The API has a CCBA class which handles loading and displaying of the CBA files, which looks like follows.
class CCBA
{
public:
CCBA(void);
~CCBA(void);
// Some of the Functions are excluded from this text for the sake of simplicity
void Draw();
bool Update(unsigned long a_MiliSeconds);
void SetupSkeleton(int a_Frame);
void SetupBindPose();
void ReadCBA(string a_FileName);
protected:
void ReadHeader(CExport *a_File, string a_FileName);
void ReadArray(CExport *a_File, float **a_Destination,unsigned int &a_Size);
void ReadTriangles(CExport *a_File);
void ReadSkeleton(CExport *a_File);
void ReadAnimations(CExport *a_File);
void WriteCBA(string a_FileName);
void CalculateBound();
void ConvertToArrays();
private:
// Only the most important member variables are shown here
CCBAHeader *m_Header; // Header (Contains information about the file)
CGeometryData *m_GeometryData; // Common data in the Mesh (List of Vertices/Normals/TexCoords)
CSkeletonData *m_SkeletonData; // Skeleton Data used for animation
Vector<CTriangleGroup*> *m_TrianglesGroups; // Individual Triangle Groups Separated By Material Data (Just Indices and Material)
};
In the CCBA class the most important member variables are m_Header, m_GeometryData, m_SkeletonData and m_TriangleGroups the rest of the stuff is provided for the sake of completeness. As the names suggests, m_Header contains the Header, m_GeometryData will contain the Geometry of the Character, m_SkeletonData will contain the Joints Hierarchy, and m_TriangleGroups contains all the Triangle groups which are separated by Material, by the COLLADA Exporter from StudioMax.
The ReadCBA function of CCBA class looks like this.
void CCBA::ReadCBA( string a_FileName )
{
CExport *File = new CExport(0,a_FileName);
this->ReadHeader(File, a_FileName); // Read Header
this->ReadArray(File, &this->m_GeometryData->m_VerticesArray, this->m_GeometryData->m_VerticesArraySize); // Read Points
this->ReadArray(File, &this->m_GeometryData->m_NormalsArray, this->m_GeometryData->m_NormalsArraySize); // Read Normal
this->ReadArray(File, &this->m_GeometryData->m_TextureCoordsArray, this->m_GeometryData->m_TextureCoordsArraySize); // Read Texture Coordinates
if (65536 & this->m_Header->m_MainChunk.m_HasAnimation_HasSkeleton)

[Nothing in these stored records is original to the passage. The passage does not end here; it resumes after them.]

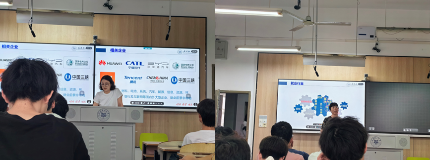 对于员工而言,专业就业前景是他们关注的重点,孙亚老师从材料化学专业方向和就业两个方面向同学们展示了本专业的光明前途,使同学们更加坚定了学习信心,并激励同学们:“星光不问赶路人,时光不负有心人”,勇往直前,追逐梦想!随后,肖江蓉老师从个人成长角度,告诉想转专业的同学要从“对本专业哪些地方不感兴趣、什么专业适合自己及转到不喜欢的专业后可否回头”三个灵魂问题出发,明确目标、做好规划,与老师保持密切联系勇于实现自我突破,成长为优秀榜样。怀着期待的心,同学听得十分仔细,讲解结束后,所有同学都是满满的收获,相信同学们对本专业有了更进一步的认识,从而选择更加适合自己成长的学习之路。(撰稿人:陈小莉 审稿人:李云雁)
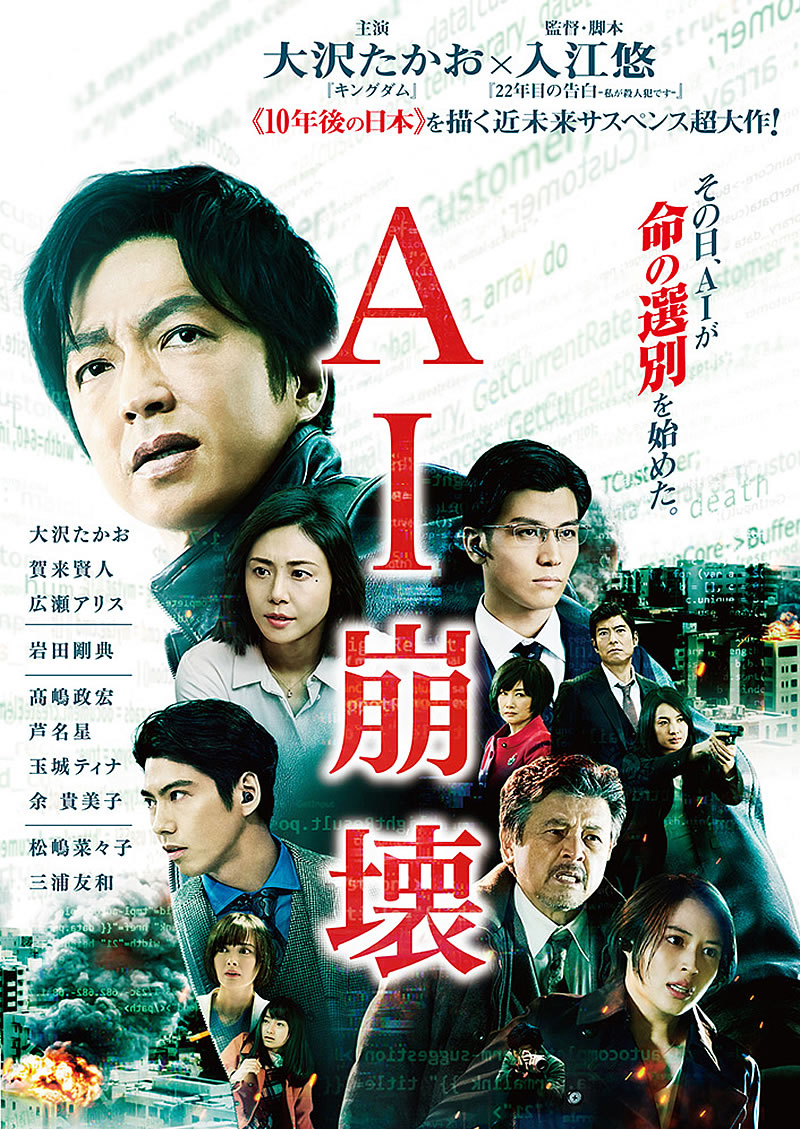 AI崩壊は、2020年公開の日本映画。2030年の日本を舞台に、突如として暴走を始めたAIとそれを阻止しようと奔走する天才科学者の攻防を描く。主役の天才科学者・桐生には世界を舞台に活躍する俳優=大沢たかお、すべての鍵を握る有能なAI管理者に賀来賢人、桐生を追う天才捜査官に岩田剛典、泥臭い捜査で桐生に迫る刑事に三浦友和と広瀬アリス、桐生の亡き妻に松嶋菜々子のほか、豪華実力派キャストが集結!キャッチコピーは「その日、AIが命の選別を始めた」。
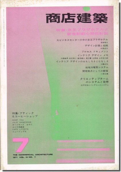 - 12]商店建築1971年7月号|特集1 京王プラザホテルと新宿副都心開発計画/特集2 ブティック&コーヒーショップ: 葉祥栄ほか

this->ReadArray(File, &this->m_GeometryData->m_VertexWeightsArray, this->m_GeometryData->m_VertexWeightsArraySize);// Read Weights Data
this->ReadTriangles(File); // Read Triangles Data
if (65536 & this->m_Header->m_MainChunk.m_HasAnimation_HasSkeleton)
{
this->ReadSkeleton(File); // Read Skeleton Data
this->ReadAnimations(File); // Read Animations Data
this->SetupInverseBindAttributes(); // Extra Processing for setting up for Skinning
}
delete File;
this->ReadClipsInformation(a_FileName); // Read Animation Clips
this->CalculateBound(); // Calculates Bounding Sphere
if (this->m_Header->m_MainChunk.m_Version == 1) // CBA Version 1 is changed to 2
{
this->ConvertToArrays();
this->WriteCBA(a_FileName);
this->DuplicateSkinnedData();
}
else
this->DuplicateBackupData();
this->FillVertexBufferObject(); // Makes it Ready to be rendered
this->FillIndexBufferObject(); // Makes it Ready to be rendered
this->SetupTexture(); // Sets up Texture and loads
}You can see that the function is quite simple; it’s just reading the sections that we discussed before. For example it reads header, and all arrays, and then reads Triangles etc. One thing that I would like to explain here is that the exporter that we discussed before write a CBA version 1.0, which means all the data is saved as it is as we read from COLLADA. In ReadCBA function we check if the CBA version is 1.0 then we convert it to CBA Version 2.0. And before doing that, ConvertToArrays() is called, which takes all the arrays from CBA and makes them ready to be used with OpenGL Vertex Buffers and Index Buffers. The Difference between these two types is that, for example we have one triangle in COLLADA and it has 3 Attributes per vertex. So each vertex of a triangle in COLLADA has 1 Index per Attribute, and 3 indices for 3 attributes. While OpenGL Vertex Buffers can only read One Index per vertex for any number of attributes. For that purpose we have to do some extra processing on the data arrays to shuffle them so that each vertex used in a triangle has same Index for all its attributes from the attributes sources. And then we resave this new CBA file as Version 2.0. If you don’t understand this process, then don’t worry and keep on reading because you need this step only if you want to render the mesh using OpenGL vertex and index buffers. If you want to render everything in immediate mode then you don’t have to worry about that.
The rest of the functions are self explanatory, each one of them reads the corresponding section from CBA files, and if I try to explain each and every one of them separately it will easily get very boring.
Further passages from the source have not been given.